The records under this task must be duplicated exactly.

● ● ● ●

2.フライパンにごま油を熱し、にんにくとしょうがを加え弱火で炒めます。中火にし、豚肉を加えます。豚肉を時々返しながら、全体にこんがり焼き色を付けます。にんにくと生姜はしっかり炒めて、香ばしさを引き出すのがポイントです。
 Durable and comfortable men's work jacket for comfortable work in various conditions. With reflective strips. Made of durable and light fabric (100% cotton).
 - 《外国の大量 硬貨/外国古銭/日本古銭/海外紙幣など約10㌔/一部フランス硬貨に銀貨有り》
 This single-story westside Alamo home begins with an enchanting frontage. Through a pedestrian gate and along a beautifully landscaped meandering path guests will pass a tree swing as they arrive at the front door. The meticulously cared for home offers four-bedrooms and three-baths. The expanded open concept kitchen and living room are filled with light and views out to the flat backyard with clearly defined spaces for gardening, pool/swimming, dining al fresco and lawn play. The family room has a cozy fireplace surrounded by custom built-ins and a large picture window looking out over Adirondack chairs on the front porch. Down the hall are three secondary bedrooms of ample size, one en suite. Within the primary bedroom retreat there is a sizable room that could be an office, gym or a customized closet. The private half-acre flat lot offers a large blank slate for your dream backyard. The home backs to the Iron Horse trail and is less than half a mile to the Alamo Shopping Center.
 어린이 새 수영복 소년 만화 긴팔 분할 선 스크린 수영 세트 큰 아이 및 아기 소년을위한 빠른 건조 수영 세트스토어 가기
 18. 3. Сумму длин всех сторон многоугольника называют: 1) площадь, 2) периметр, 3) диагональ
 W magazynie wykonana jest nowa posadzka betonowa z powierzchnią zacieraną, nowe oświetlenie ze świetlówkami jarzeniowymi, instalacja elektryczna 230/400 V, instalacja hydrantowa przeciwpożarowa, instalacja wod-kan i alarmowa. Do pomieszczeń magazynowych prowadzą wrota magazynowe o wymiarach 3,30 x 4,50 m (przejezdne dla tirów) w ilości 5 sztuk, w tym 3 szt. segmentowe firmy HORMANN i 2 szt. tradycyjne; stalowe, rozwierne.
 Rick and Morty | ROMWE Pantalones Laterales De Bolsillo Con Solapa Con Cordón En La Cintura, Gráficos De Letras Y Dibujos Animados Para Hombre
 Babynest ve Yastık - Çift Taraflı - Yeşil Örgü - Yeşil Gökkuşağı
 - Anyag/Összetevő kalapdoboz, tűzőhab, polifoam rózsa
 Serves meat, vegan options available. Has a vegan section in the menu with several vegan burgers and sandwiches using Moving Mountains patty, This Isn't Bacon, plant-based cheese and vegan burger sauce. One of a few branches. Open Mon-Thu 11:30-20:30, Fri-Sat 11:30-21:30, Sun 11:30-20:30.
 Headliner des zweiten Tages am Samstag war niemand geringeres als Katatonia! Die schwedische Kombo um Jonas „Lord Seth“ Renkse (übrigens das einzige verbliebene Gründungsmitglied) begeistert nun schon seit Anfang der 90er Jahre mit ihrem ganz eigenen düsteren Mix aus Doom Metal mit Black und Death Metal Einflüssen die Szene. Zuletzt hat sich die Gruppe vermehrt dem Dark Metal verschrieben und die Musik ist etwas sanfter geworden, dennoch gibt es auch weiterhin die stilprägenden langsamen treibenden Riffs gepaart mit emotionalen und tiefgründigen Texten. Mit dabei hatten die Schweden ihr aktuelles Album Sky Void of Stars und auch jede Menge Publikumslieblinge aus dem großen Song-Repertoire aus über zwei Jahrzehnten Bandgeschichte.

● ● ● ●

Your response:
2.フライパンにごま油を熱し、にんにくとしょうがを加え弱火で炒めます。中火にし、豚肉を加えます。豚肉を時々返しながら、全体にこんがり焼き色を付けます。にんにくと生姜はしっかり炒めて、香ばしさを引き出すのがポイントです。
 Durable and comfortable men's work jacket for comfortable work in various conditions. With reflective strips. Made of durable and light fabric (100% cotton).
 - 《外国の大量 硬貨/外国古銭/日本古銭/海外紙幣など約10㌔/一部フランス硬貨に銀貨有り》
 This single-story westside Alamo home begins with an enchanting frontage. Through a pedestrian gate and along a beautifully landscaped meandering path guests will pass a tree swing as they arrive at the front door. The meticulously cared for home offers four-bedrooms and three-baths. The expanded open concept kitchen and living room are filled with light and views out to the flat backyard with clearly defined spaces for gardening, pool/swimming, dining al fresco and lawn play. The family room has a cozy fireplace surrounded by custom built-ins and a large picture window looking out over Adirondack chairs on the front porch. Down the hall are three secondary bedrooms of ample size, one en suite. Within the primary bedroom retreat there is a sizable room that could be an office, gym or a customized closet. The private half-acre flat lot offers a large blank slate for your dream backyard. The home backs to the Iron Horse trail and is less than half a mile to the Alamo Shopping Center.
 어린이 새 수영복 소년 만화 긴팔 분할 선 스크린 수영 세트 큰 아이 및 아기 소년을위한 빠른 건조 수영 세트스토어 가기
 18. 3. Сумму длин всех сторон многоугольника называют: 1) площадь, 2) периметр, 3) диагональ
 W magazynie wykonana jest nowa posadzka betonowa z powierzchnią zacieraną, nowe oświetlenie ze świetlówkami jarzeniowymi, instalacja elektryczna 230/400 V, instalacja hydrantowa przeciwpożarowa, instalacja wod-kan i alarmowa. Do pomieszczeń magazynowych prowadzą wrota magazynowe o wymiarach 3,30 x 4,50 m (przejezdne dla tirów) w ilości 5 sztuk, w tym 3 szt. segmentowe firmy HORMANN i 2 szt. tradycyjne; stalowe, rozwierne.
 Rick and Morty | ROMWE Pantalones Laterales De Bolsillo Con Solapa Con Cordón En La Cintura, Gráficos De Letras Y Dibujos Animados Para Hombre
 Babynest ve Yastık - Çift Taraflı - Yeşil Örgü - Yeşil Gökkuşağı
 - Anyag/Összetevő kalapdoboz, tűzőhab, polifoam rózsa
 Serves meat, vegan options available. Has a vegan section in the menu with several vegan burgers and sandwiches using Moving Mountains patty, This Isn't Bacon, plant-based cheese and vegan burger sauce. One of a few branches. Open Mon-Thu 11:30-20:30, Fri-Sat 11:30-21:30, Sun 11:30-20:30.
 Headliner des zweiten Tages am Samstag war niemand geringeres als Katatonia! Die schwedische Kombo um Jonas „Lord Seth“ Renkse (übrigens das einzige verbliebene Gründungsmitglied) begeistert nun schon seit Anfang der 90er Jahre mit ihrem ganz eigenen düsteren Mix aus Doom Metal mit Black und Death Metal Einflüssen die Szene. Zuletzt hat sich die Gruppe vermehrt dem Dark Metal verschrieben und die Musik ist etwas sanfter geworden, dennoch gibt es auch weiterhin die stilprägenden langsamen treibenden Riffs gepaart mit emotionalen und tiefgründigen Texten. Mit dabei hatten die Schweden ihr aktuelles Album Sky Void of Stars und auch jede Menge Publikumslieblinge aus dem großen Song-Repertoire aus über zwei Jahrzehnten Bandgeschichte.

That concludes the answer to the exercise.